Studies have shown that ambient air pollution is linked to preeclampsia (PE), possibly via generation of oxidative stress in the placenta. Telomere length and mitochondrial DNA copy number (mtDNAcn) are sensitive to oxidative stress damage. To study the association between prenatal exposure to ambient nitrogen oxides (NO, a marker for traffic-related air pollution), and PE, as well as potential mediation effects by placental telomere length and mtDNAcn. This is a cross-sectional study of 42 preeclamptic and 95 arbitrarily selected normotensive pregnant women with gestational ambient NO exposure assessment in southern Scania, Sweden. Hourly concentrations of NO were estimated at the residential addresses by a Gaussian-plume dispersion model with 100 × 100 m spatial resolutions and aggregated into trimester-specific mean concentrations. Placental relative mtDNAcn and telomere length were measured using qPCR. Linear and logistic regression models were used to investigate associations, adjusted for perinatal and seasonal characteristics. Exposure was categorized into low and high exposures by median cut-offs during first [11.9 μg/m; interquartile range (IQR) 7.9, 17.9], second (11.6 μg/m; IQR: 7.1, 21.1), third trimesters (11.9 μg/m; IQR: 7.7, 19.5) and entire pregnancy (12.0 μg/m; IQR: 7.6, 20.1). Increased risk of PE was found for high prenatal NO exposure during the first trimester (OR 4.0; 95% CI: 1.4, 11.1; = 0.008), and entire pregnancy (OR 3.7; 95% CI: 1.3, 10.4; = 0.012). High exposed group during the first trimester had lower placental relative mtDNAcn compared with low exposed group (-0.20; 95% CI: -0.36, -0.04; = 0.01). Changes in relative mtDNAcn did not mediate the association between prenatal NO exposure and PE. No statistically significant association was found between placental relative telomere length, prenatal NO exposure and PE. In this region with relatively low levels of air pollution, ambient NO exposure during the first trimester was associated with reduced placental relative mtDNAcn and an increased risk of PE. However, we did not find any evidence that mtDNAcn or TL mediated the association between air pollution and PE. Future research should further investigate the role of mtDNAcn for pregnancy complications in relation to exposure to ambient air pollution during pregnancy.

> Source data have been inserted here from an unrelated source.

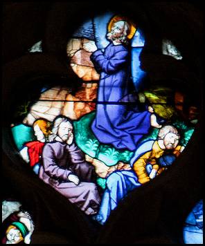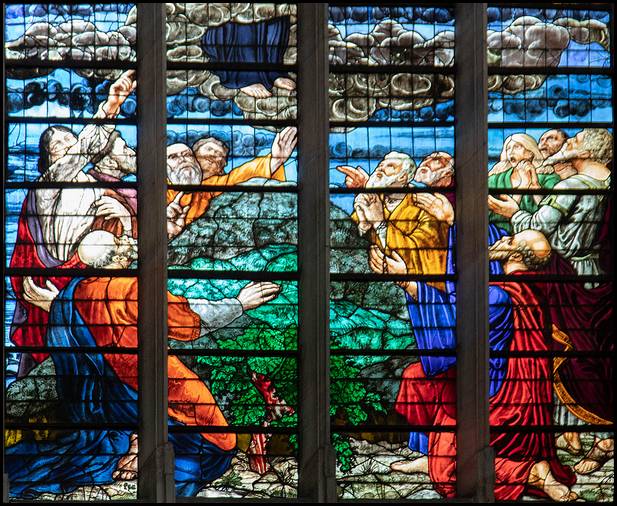 des pieds - Les verrières du transept Le sacré Cœur – Adoration des mages – Moïse et Élie – La Résurrection Les verrières hautes du chœur Martyre de Saint
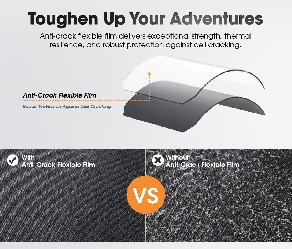 • Crack Free: Our anti-crack flexible film offers higher tensile strength, improved thermal stability and enhanced resistance to physical stress, ensuring no cell breakage.
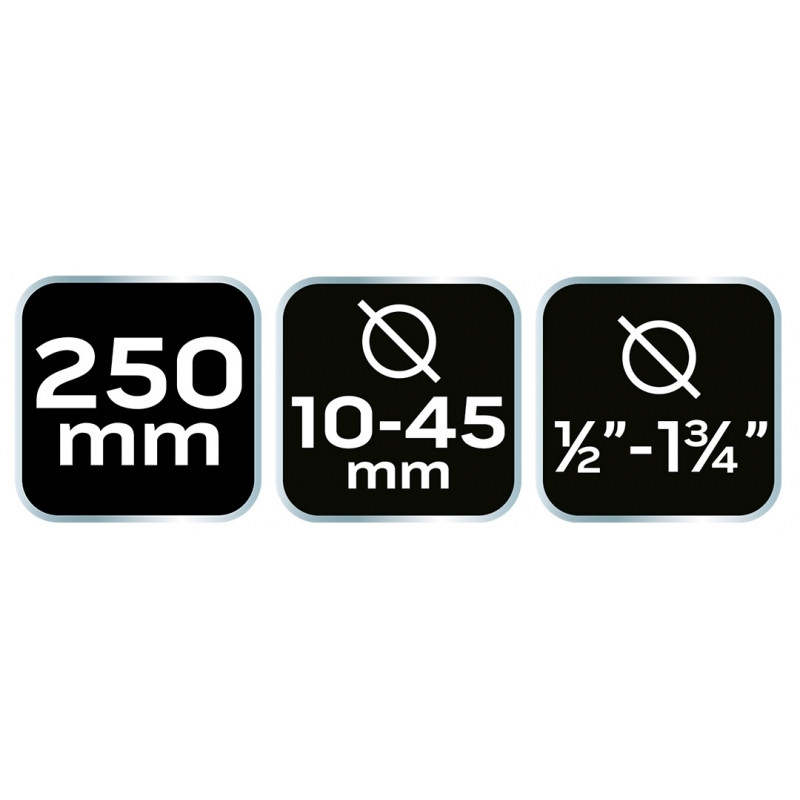 Szczypce do rur 250 mm, zakres 10-45 mm, stal węglowa hartowana, przegub przestawny 7 pozycji
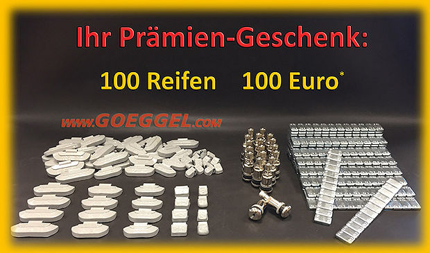 Im Vorfeld der Wintersaison hat Reifen Göggel wieder eine Bonusaktion für seine Kunden gestartet. Wer sich im September bei dem Großhändler bevorratet, soll beim Bestellen von in Summe 100 Reifen im betreffenden Monat über den Onlineshop des Unternehmens unter www.goeggel.com als einmalige Zugabe in den Genuss von Montagematerial im Wert von 100 Euro kommen. Das Set umfasst demnach Schlaggewichte für Stahlfelgen (fünf bis 30 Gramm, je eine Packung), Klebegewichte (eine Packung à 100 Stück in Fünf-Gramm-Teilung), Stahlventile (20 Stück) sowie Klebegewichtentferner. Neukunden, die bis zum 30. September vier Pkw-Reifen, vier Felgen oder vier Kompletträder in dem Göggel-Shop kaufen, wird zudem ein Willkommensbonus in Höhe von zehn Euro gezahlt. cm
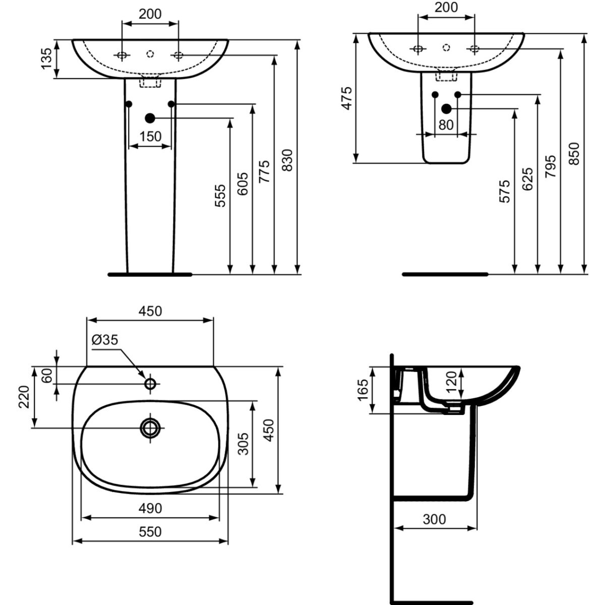 Kann mit dem Sockel T033501, dem Halbsockel T033401 oder separat mit einem Siphon montiert werden.
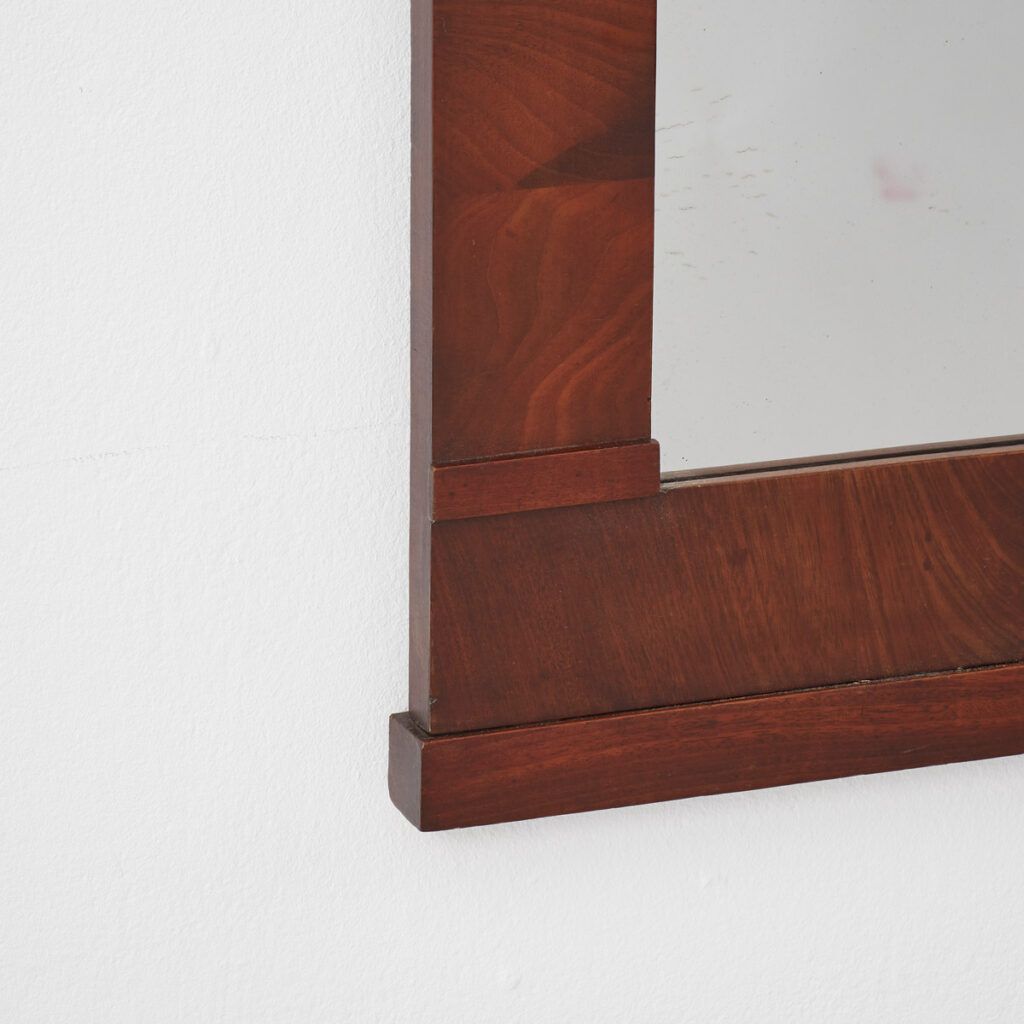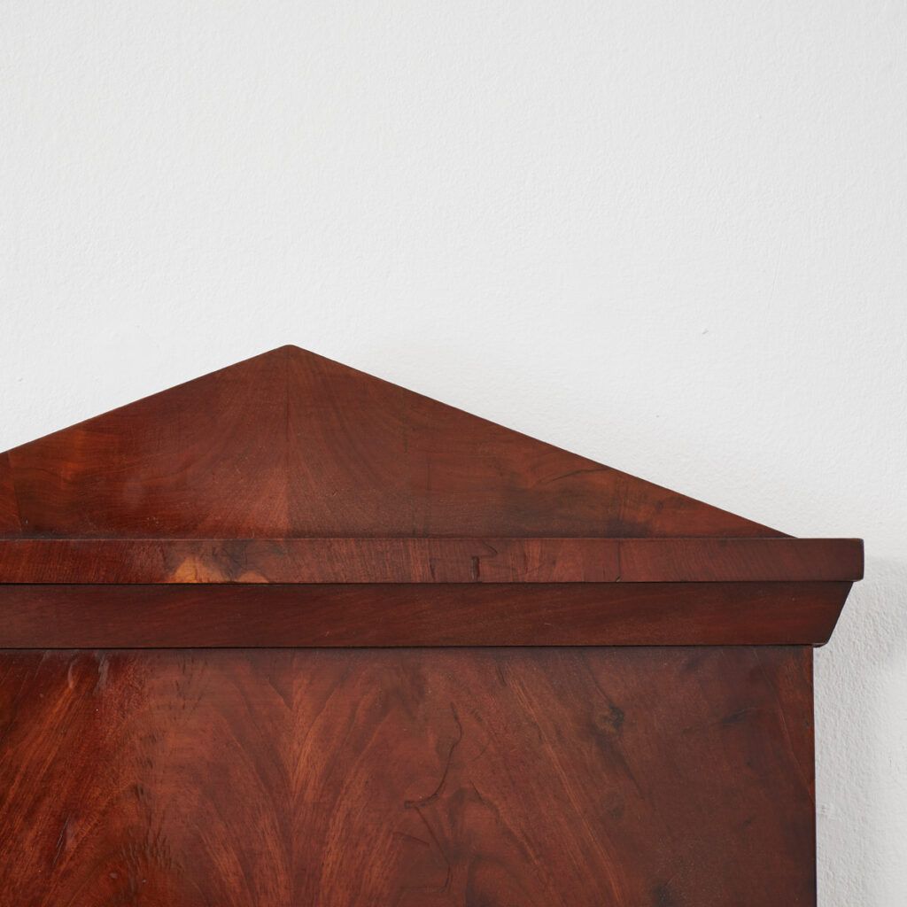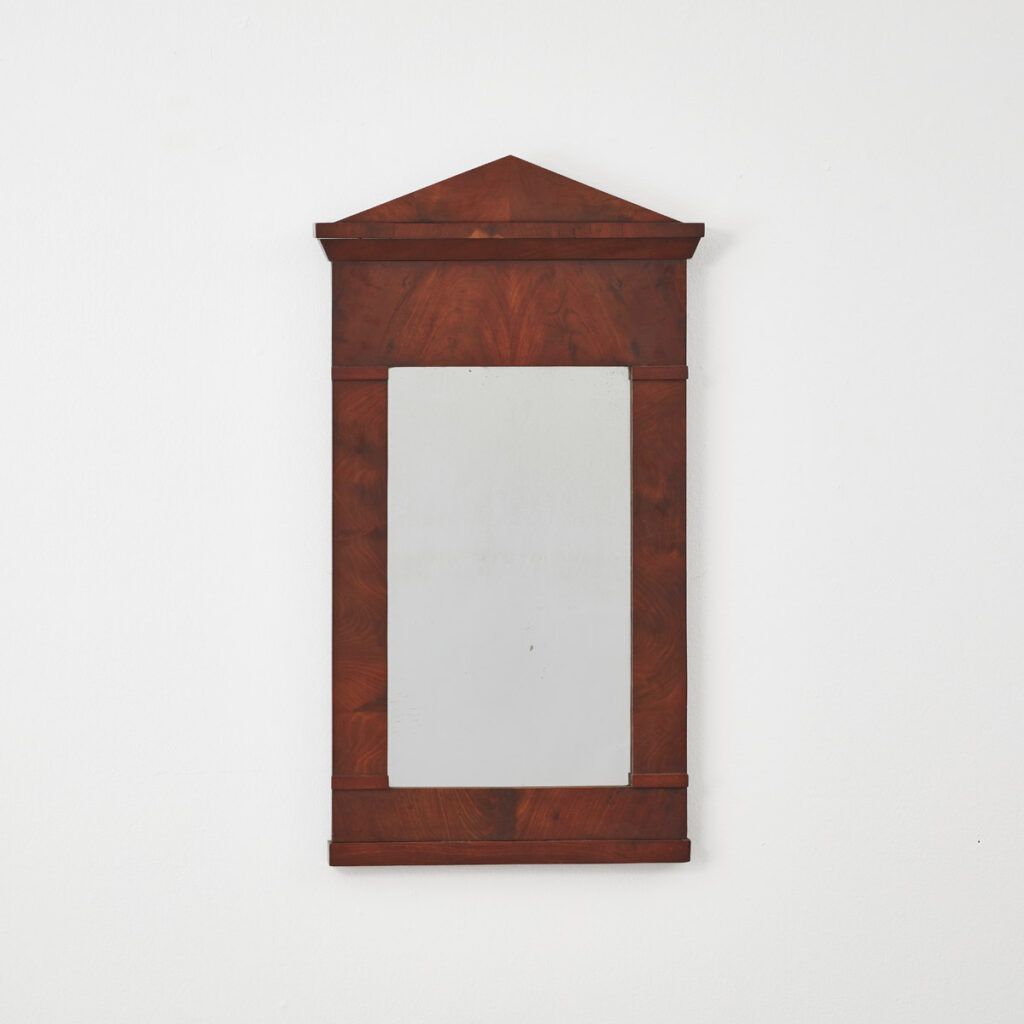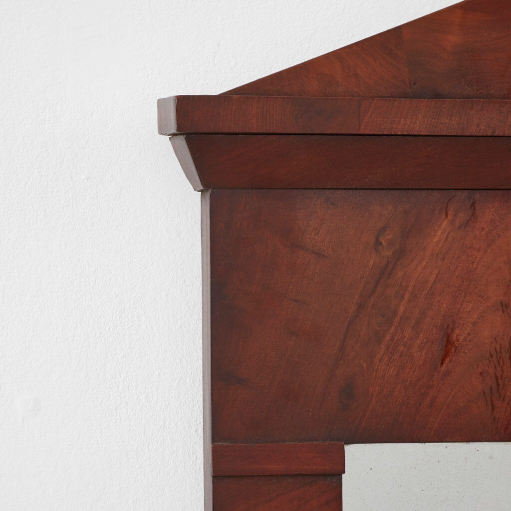 Crafted from rich mahogany, this antique Classical empire style mirror boasts elegance with its bold lines’ characteristic of the neoclassical aesthetic. Its narrow profile makes it ideal for smaller spaces such as a hallway, bathroom or cloakroom.
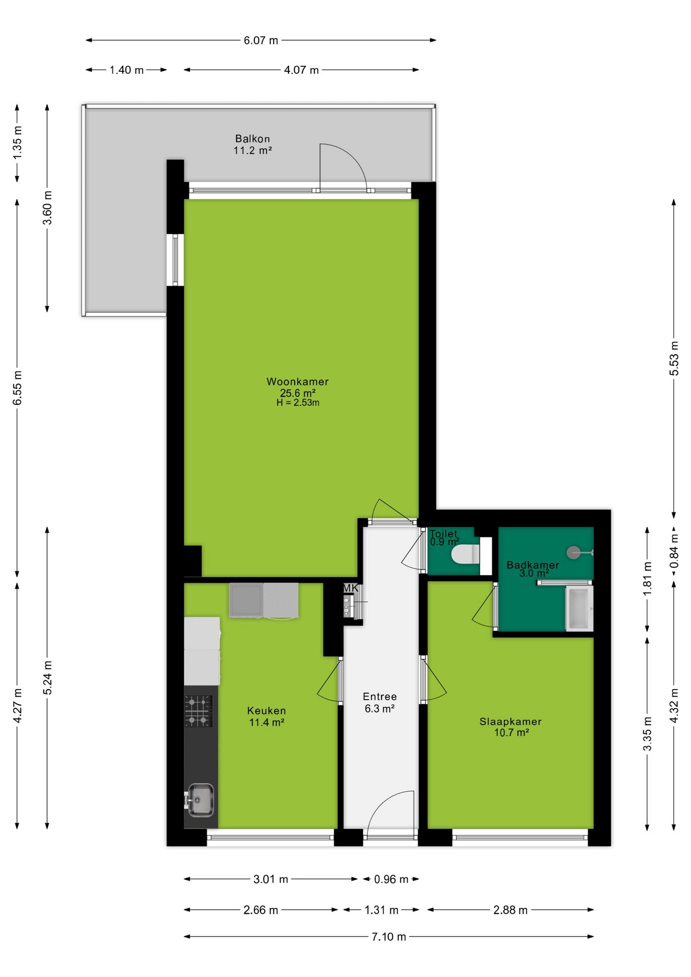 - Balkon op het zuidoosten (11 m²)
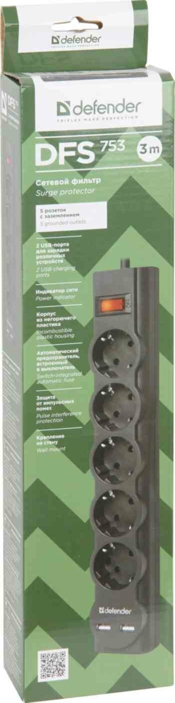 Сетевой фильтр DEFENDER DFS753, 5 розеток, ПВС 3*1,0 мм2, мощность 2200 Вт, ток 10А, черный, 3,0 м 2xUSB, 2.1A
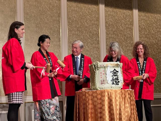Above: An auspicious occasion in Japan isn’t without Kagami Biraki and the breaking of a sake barrel to celebrate good health, fortune and 150 more years of MIT and Japan relations. | |
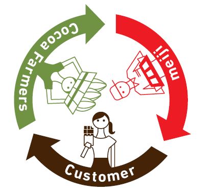 メイジ・カカオ・サポートは、2006年に始まった株式会社 明治独自の「カカオ農家支援活動」です。2026年度までにサステナブルカカオ豆の 調達比率100%を目標として、現地農家のさまざまな課題に合わせたサポートを行っています。こうした活動を積み重ね、また適切な価格で継続購入することによって持続可能なカカオ生産にも貢献 しています。同社はそのカカオ豆を使用してつくりあげたチョコ レートを、日本中の生活者に身近な場所で、手頃な価格でお届け することで、生活者もカカオ産地の方々も、すべての人がうれしいチョコレートであるように、いい循環を創出することに取り組んでいます。
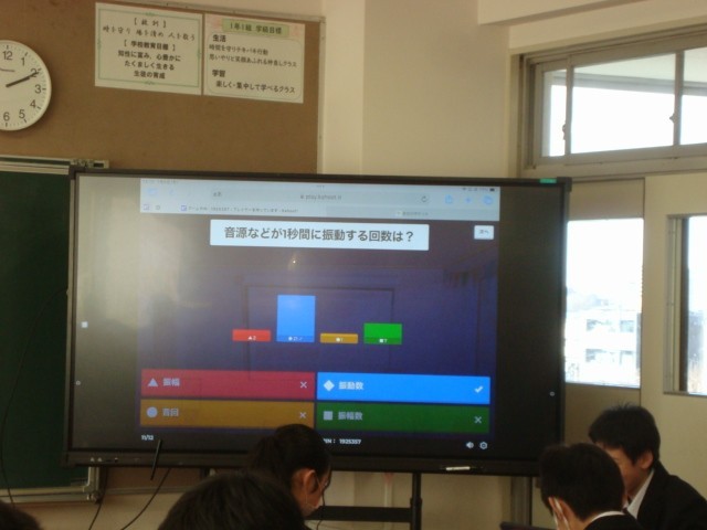 理科 新年の学びは「カフート」で熱くスタート! 公開日 2026/01/08 更新日 2026/01/08 1学年 新年明け、1年生の理科の授業が元気に始まりました。冬休み明けの最初の時間は、ICTツールのKahoot!(カフート)を活用した、これまでの学習内容の総復習クイズ大会です。大型モニターに問題が表示されると、生徒たちは手元のタブレットを使って素早く回答!正解や順位がリアルタイムで更新されるたびに、教室には歓声が沸き起こりました。楽しみながらクイズに取り組む中で、冬休みモードから一気に「学びのスイッチ」へと切り替わったようです。このエネルギーをそのままに、今後の新しい学習単元にも意欲的に取り組んでいけることを期待しています。

研究表明,环境空气污染可能通过在胎盘中产生氧化应激与先兆子痫(PE)相关联。端粒长度和线粒体DNA拷贝数(mtDNAcn)对氧化应激损伤敏感。本研究旨在探讨孕期暴露于环境氮氧化物(NO,交通相关空气污染的标志物)与PE之间的关联,以及胎盘端粒长度和mtDNAcn的潜在中介作用。这是一项横断面研究,纳入了瑞典斯坎尼亚南部42例先兆子痫孕妇和95例随机选取的血压正常孕妇,对其孕期环境NO暴露进行评估。通过空间分辨率为100×100米的高斯烟羽扩散模型估算其居住地址每小时的NO浓度,并汇总为各孕期的平均浓度。采用qPCR测量胎盘相对mtDNAcn和端粒长度。使用线性和逻辑回归模型进行关联分析,并对围产期和季节特征进行了校正。根据中位数将暴露分为低暴露和高暴露组,第一孕期(11.9μg/m;四分位数间距(IQR)7.9,17.9)、第二孕期(11.6μg/m;IQR:7.1,21.1)、第三孕期(11.9μg/m;IQR:7.7,19.5)和整个孕期(12.0μg/m;IQR:7.6,20.1)。发现第一孕期(OR = 4.0;95%CI:1.4,11.1;P = 0.008)和整个孕期(OR = 3.7;95%CI:1.3,10.4;P = 0.012)高孕期NO暴露会增加PE风险。第一孕期高暴露组胎盘相对mtDNAcn低于低暴露组(-0.20;95%CI:-0.36,-0.04;P = 0.01)。相对mtDNAcn的变化并未介导孕期NO暴露与PE之间的关联。未发现胎盘相对端粒长度、孕期NO暴露与PE之间存在统计学显著关联。在该空气污染水平相对较低的地区,第一孕期环境NO暴露与胎盘相对mtDNAcn降低及PE风险增加相关。然而,我们未发现任何证据表明mtDNAcn或TL介导了空气污染与PE之间的关联。未来研究应进一步探讨mtDNAcn在孕期暴露于环境空气污染相关妊娠并发症中的作用。